Per ora ho intenzione di continuare a praticare il triathlon per arrivare un giorno a fare un 70.3, poi si vedrà.
- L'insostenibile stato del runner infortunato (18/01/2011, ore 21:55)
Credo di non essere una persona molto sveglia. E il mio comportamento degli ultimi mesi ne è stato la cartina di tornasole.
Dopo la maratona di Venezia di Ottobre, avevo deciso di correre una 21k con l'obiettivo dei 100 minuti. L'occasione doveva essere la mezza di Pisa del 19/12/2010, ritornavo a conquistare qualcosa di significativo (almeno per me) in una città che ho amato ed odiato allo stesso tempo, ma che indiscutibilmente ha segnato una tappa importante della mia vita.
Ma la sorte mi ha giocato un tiro mancino, cambiando completamente i miei programmi verso la fine di Novembre.

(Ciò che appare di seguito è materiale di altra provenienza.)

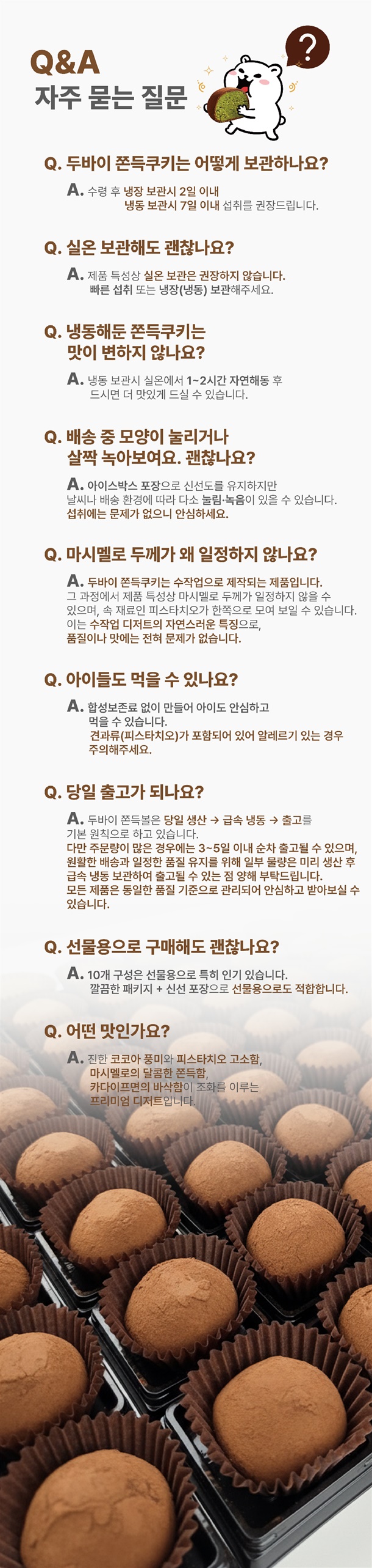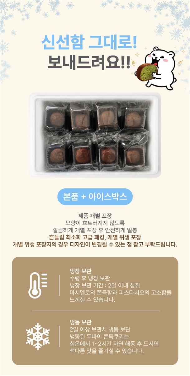 두바이 쫀득쿠키는 하루 생산량이 한정되어 있습니다. 현재 주문폭주로 인하여 순차출고 예정으로 배송이 최대 2주정도 추가로 지연될 수 있는점 양해부탁드립니다.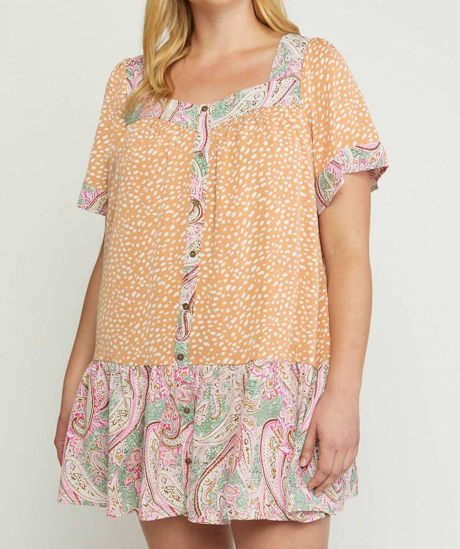 Embrace a boho-chic vibe with the Mixed Print Square Neck Dress by Entro, tailored for a flaunting, feminine style. This plus-size dress comes in a vibrant multi-patterned design featuring a square neckline and short sleeves. Crafted from 100% polyester, it boasts fully lined construction, side seam pockets, decorative button closure, a ruffled hem, and an A-line mini silhouette. Care instructions include hand wash or dry clean, with a versatile fit available in dimensions from XL to 2X, all with a length of 36". Perfect for your next summer getaway.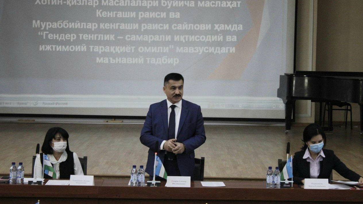 Низомий номидаги Тошкент давлат педагогика университетида гендер тенглик бўйича маслаҳат кенгаши йиғилиши бўлиб ўтди. Тадбирда университет ректори Алишер Умаров, Олий ва ўрта махсус таълим вазирлиги ҳамда Чилонзор тумани маҳалла ва оилани қўллаб-қуватлаш бўлими масъул ходимлари, барча факультетларининг хотин-қизлар масаласи бўйича маслаҳат кенгаши аъзолари иштирок этди. Кенгайтирилган тадбирда университет ректори гендер тенглик масаласига алоҳида тўхталиб, эркаклар ва аёлларга тенг имкониятлар ва шарт-шароитлар яратиш, талаба қизларнинг таълимига, касб эгаллашига катта эътибор қаратиш, улар ўртасида турли мавзуларда кенг тушунтириш ишларини мунтазам олиб бориш зарурлиги, қизларни ҳаётга тайёрлашга барча бирдек жавобгарлик ҳисси билан ёндашиши лозимлигига алоҳида тўхталиб ўтди.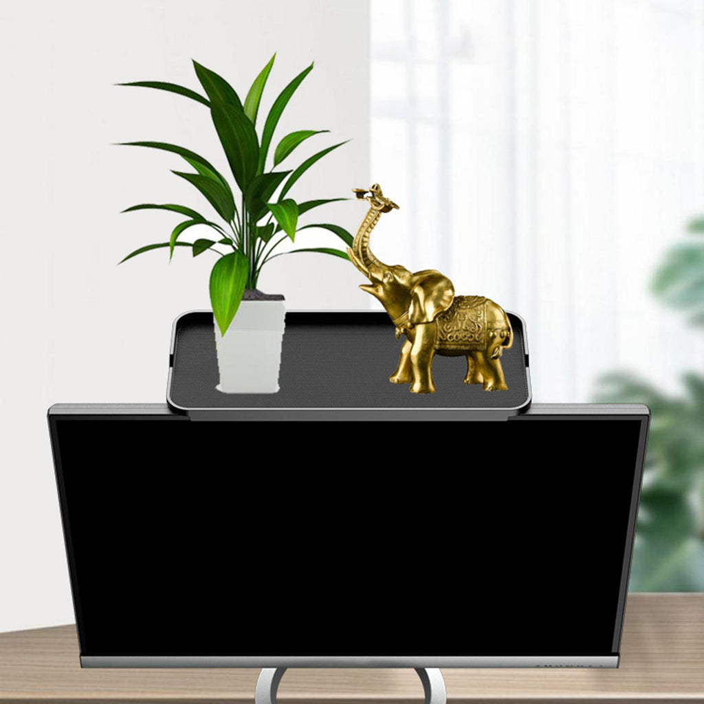 【Space Saving】This Monitor Storage Shelf is designed to provide a convenient and space saving solution for your electronic devices. Can hold remotes, WIFI, media boxes, speakers, pictures, small plants, and other small items, makes your desktop, TV cabinet clean and tidy.

Prima la sciatalgia, con conseguente stop di 3 settimane, poi uno stiramento per la fretta di rientrare, quindi un ulteriore stiramento sullo stesso muscolo.
E intando Dicembre se ne è andato con 11Km percorsi, in 3 allenamenti che hanno portato ad altrettanti infortuni.
Si, decisamente non sono un tipo sveglio, ho avuto bisogno di 3 infortuni consecutivi per capire che devo avere + cura di me stesso, che devo rispettarmi e aspettare di guarire...
Non troppo però... dopo tutto non sono mica un tipo sveglio!
Per la cronaca, sono andato lo stesso a Pisa, solo per vedere la città e seguire la maratona che poi è stata annullata per le condizioni meteo, il destino?
- StraLugano 2010 - La marcia verso Venezia continua... (27/09/2010, ore 23:58)
Dopo un mese di settembre pieno di impegni, ecco una gara alla quale mi sto affezionando. Quest'anno,sono riuscito a coinvolgere anche mia sorella, che ha partecipato alla 10Km, la sua prima gara in assoluto.
Bella giornata, un pò ventosa, ma soleggiata. Ottima partecipazione con circa 1500 runners sulla 10K e 1000 sulla 30K. Ben organizzata e con poche lacune, con i rifornimenti un pò troppo caotici e il pasta party poco fornito (solo la pasta e pane, non è fornita nemmeno l'acqua).
Il pubblico durante il tragitto è di solito ben disposto verso i corridori e ho il tracciato è abbastanza sorvegliato. Pochi spettatori, anche rispetto all'anno scorso.
A parte il risultato cronometrico (2h36'41", 10 secondi in + del 2009!!!), le sensazioni sono state ben diverse rispetto alla precedente edizione. Ho sofferto davvero poco la salita finale dal 24° al 26°Km, mentre gli ultimi 2Km ho anche spinto a 4'45"/Km,
Peccato che al 18°Km ho impiegato 10'02" a fare 500m, altrimenti avrei anche fatto il PB sulla mezza maratona, sarà per la prossima volta, Sembra proprio che la vendetta di Montezuma mi aspetti al varco della StraLugano! La differenza anche qui è stata la vista di un WC chimico solo soletto, al posto del luogo di fortuna dell'anno scorso.
Continuo così verso Venezia, con ottimismo e fiducia, potrei veramente fare una bella maratona e stare ancora sotto le 4h, e magari anche finire con le gambe ancora in buone condizioni.